Background information
- Born: 5 January 1983 (age 43) London, England
- Origin: Saint Vincent and the Grenadines
- Genres: Hip hop; R&B; reggae fusion; electronic;
- Occupations: Singer; songwriter; rapper; record producer;
- Instruments: Steel drum, percussion, keyboards, guitar
- Years active: 2005–present
- Label: Universal Music
- Formerly of: Mattafix
- Website: marlonroudette.com

= Marlon Roudette =

Vincentian born singer, songwriter, and record producer (born 1983)

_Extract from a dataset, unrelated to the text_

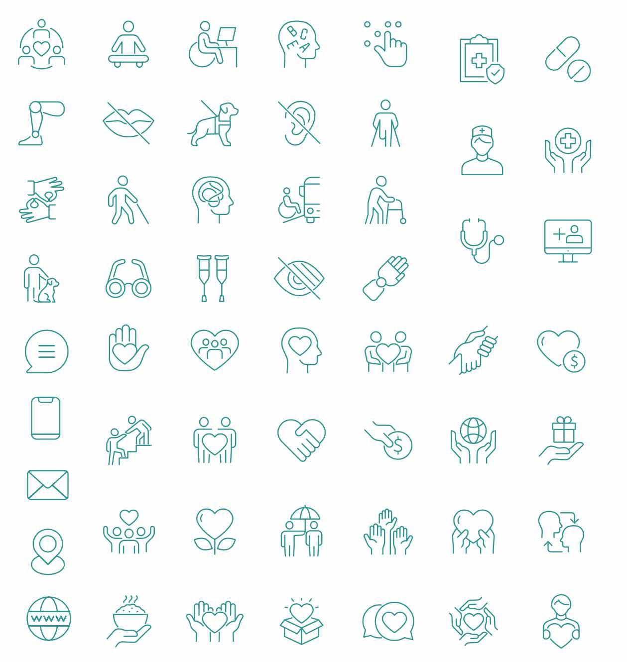 These are to be teal, outlined icons with a fine weight.

Marlon Roudette (born 5 January 1983) is an English singer, songwriter, and record producer. He is the former front man for the duo Mattafix who had their first number 1, "Big City Life", in 2006. After the group split, Roudette embarked on a solo career with two number one singles in Europe, "New Age" and "When the Beat Drops Out"; the latter made it to number 7 on the UK Singles Chart and is certified platinum. In recent years, he is also known for his co-writing work for artists, including Sinéad Harnett and his half-sister, Mabel. He co-wrote Mabel's hit singles "Finders Keepers" and "Fine Line", as well as the Not3s single "My Lover" and Jax Jones' hit "Ring Ring". He has also co-written tracks featuring Wiley, Tory Lanez, Kranium, Bad Gyal and Busy Signal.

==Biography==
Marlon Roudette was born in London and is the son of Cameron McVey, a British music producer of Scottish and English extraction, and Vonnie Roudette, a designer and artist of Dominican/Trinidadian descent residing in Saint Vincent and the Grenadines. As a young child, he moved with his mother and sister to Trinidad, then to St. Vincent in 1992, where he began his music career, and returned to London when he was 17. Roudette is the stepson of Neneh Cherry and paternal half-brother of Mabel.

==Music career==
===Mattafix (2005–2009)===
After his return to London, Marlon formed the electronic music duo Mattafix with producer and keyboardist Preetesh Hirji. Hirji was born in London of Indian parentage and grew up in the heart of West London, where he started at Eastcote Studios on Kensal Road. Their sound was a fusion of hip hop, R&B, reggae, dancehall, blues, jazz, soul and world. Mattafix won the Sopot International Song Festival in 2006.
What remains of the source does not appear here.